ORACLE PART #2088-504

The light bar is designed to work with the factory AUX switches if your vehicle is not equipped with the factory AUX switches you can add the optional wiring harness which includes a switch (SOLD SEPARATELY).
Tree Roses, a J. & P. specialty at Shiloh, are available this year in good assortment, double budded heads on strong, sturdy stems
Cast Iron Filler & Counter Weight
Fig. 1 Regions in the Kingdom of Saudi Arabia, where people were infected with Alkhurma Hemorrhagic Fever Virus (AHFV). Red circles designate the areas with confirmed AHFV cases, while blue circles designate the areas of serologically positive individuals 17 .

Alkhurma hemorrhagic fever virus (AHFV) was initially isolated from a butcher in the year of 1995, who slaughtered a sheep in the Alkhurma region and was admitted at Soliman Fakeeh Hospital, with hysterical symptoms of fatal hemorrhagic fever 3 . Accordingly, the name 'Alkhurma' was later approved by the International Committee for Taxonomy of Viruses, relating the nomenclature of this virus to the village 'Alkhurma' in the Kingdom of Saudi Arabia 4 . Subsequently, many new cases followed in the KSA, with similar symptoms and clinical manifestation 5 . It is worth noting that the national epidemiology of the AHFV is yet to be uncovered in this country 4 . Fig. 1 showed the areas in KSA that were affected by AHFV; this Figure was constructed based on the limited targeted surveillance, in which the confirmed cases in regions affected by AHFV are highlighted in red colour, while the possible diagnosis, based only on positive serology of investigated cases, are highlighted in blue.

_____

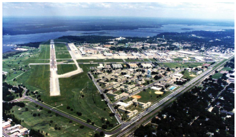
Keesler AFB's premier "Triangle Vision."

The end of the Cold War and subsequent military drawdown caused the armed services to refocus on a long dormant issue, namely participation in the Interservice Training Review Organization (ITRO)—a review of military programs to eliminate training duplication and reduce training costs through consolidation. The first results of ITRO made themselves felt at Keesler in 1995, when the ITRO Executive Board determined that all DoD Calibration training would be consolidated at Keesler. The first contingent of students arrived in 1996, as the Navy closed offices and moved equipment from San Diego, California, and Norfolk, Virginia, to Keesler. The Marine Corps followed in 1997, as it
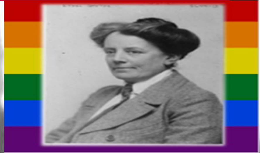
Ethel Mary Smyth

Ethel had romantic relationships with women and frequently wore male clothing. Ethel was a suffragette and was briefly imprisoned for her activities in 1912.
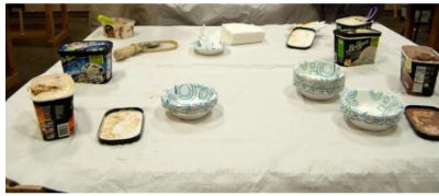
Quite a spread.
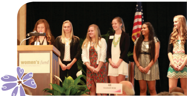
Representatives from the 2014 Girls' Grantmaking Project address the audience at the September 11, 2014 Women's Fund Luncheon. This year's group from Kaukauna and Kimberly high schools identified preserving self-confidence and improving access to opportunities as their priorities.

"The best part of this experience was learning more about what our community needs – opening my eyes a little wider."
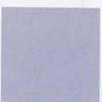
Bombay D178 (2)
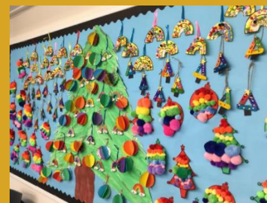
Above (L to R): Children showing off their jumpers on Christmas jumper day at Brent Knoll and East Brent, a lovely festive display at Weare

_____

== DESCRIPTION OF THE TASK ==
All lines with the string "Ethel" must be copied from the data.

== RESULT FOR THIS TASK ==
Ethel Mary Smyth
Ethel had romantic relationships with women and frequently wore male clothing. Ethel was a suffragette and was briefly imprisoned for her activities in 1912.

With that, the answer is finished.